Marcus Aurelius, Meditations 7.48


This is a fine saying of Plato: That he who is discoursing about men should look also at earthly things as if he viewed them from some higher place.

He should look at them in their assemblies, armies, agricultural labors, marriages, treaties, births, deaths, noise of the courts of justice, desert places, various nations of barbarians, feasts, lamentations, markets, a mixture of all things and an orderly combination of contraries.

—Marcus Aurelius, Meditations, Book 7 (tr Long)

If I see the world only through the lenses of my own feelings, my attractions and aversions, I am really only seeing myself imposed on everything around me, and so everything will take on the tint of my prejudice. Good and evil become what is pleasant or unpleasant for me, right and wrong whatever is convenient or inconvenient for me.

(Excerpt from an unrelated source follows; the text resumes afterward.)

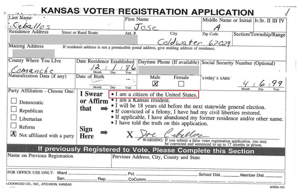 "In Kansas, it is against the law to vote if you are not a U.S. citizen. We allege that Mr. Ceballos did it multiple times," Kobach said.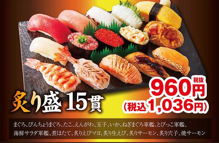 一人前15貫は、た~っぷり大満足!価格も960円(税込1,036円)と、とってもリーズナブル!!みんなでシェアするのもおすすめの商品です。

There is a better way. I can move beyond the influence of my own impressions, and I can take mastery over them. I can try to see things not only as they are for me, but also as they are in and of themselves. I can seek to find a loftier perspective, where I don’t just notice this or that part, but I can appreciate a sense of the whole. Anything that may have appeared as overwhelming, pointless, or unfair when viewed from too close can now perhaps be seen in a proper context from further away.

When I can appreciate the order and purpose of the relationships within all of Nature, so much of the frustration and conflict I assumed can pass away. There are so many things in this world, all distinct and different in their own way, but all of them play their own part. There are so many changes happening at all times, the constant tension of opposites, but all of them exist within a harmony.

As a child, I would always love seeing the scenery from the top of a mountain, or the city from the top of a skyscraper. There was a certain sense of awe in it, as well as of peace. In later years, I would think of that line from Browning:

God's in his heaven—
All's right with the world!

Recently, my wife dropped me off at the airport early one morning for a trip back to Boston. There was much worry on my mind, about never seeming to be able to make ends meet, about how unhappy my children seemed at their school, about all the nastiness, abuse, and petty politics at my work. I was even concerned that another trip back to where I grew up would wake up too many sleeping demons.

So I peered out the window as the plane took off, and got lost in the view as we flew ever higher. I noticed certain landmarks down below, and realized our path would take us straight over the little town I now lived in. I could still see individual houses, and the little colored specks of moving cars. I looked very carefully, and spotted my own house, with our bright blue car in the driveway. They had already made it home, and were surely having breakfast.

It was seeing that little corner of my own life as a part of the much bigger world around it that helped me, then and there, to understand and accept that world as it was, not merely as I would desire it to be. A bit of height helped to give me that context.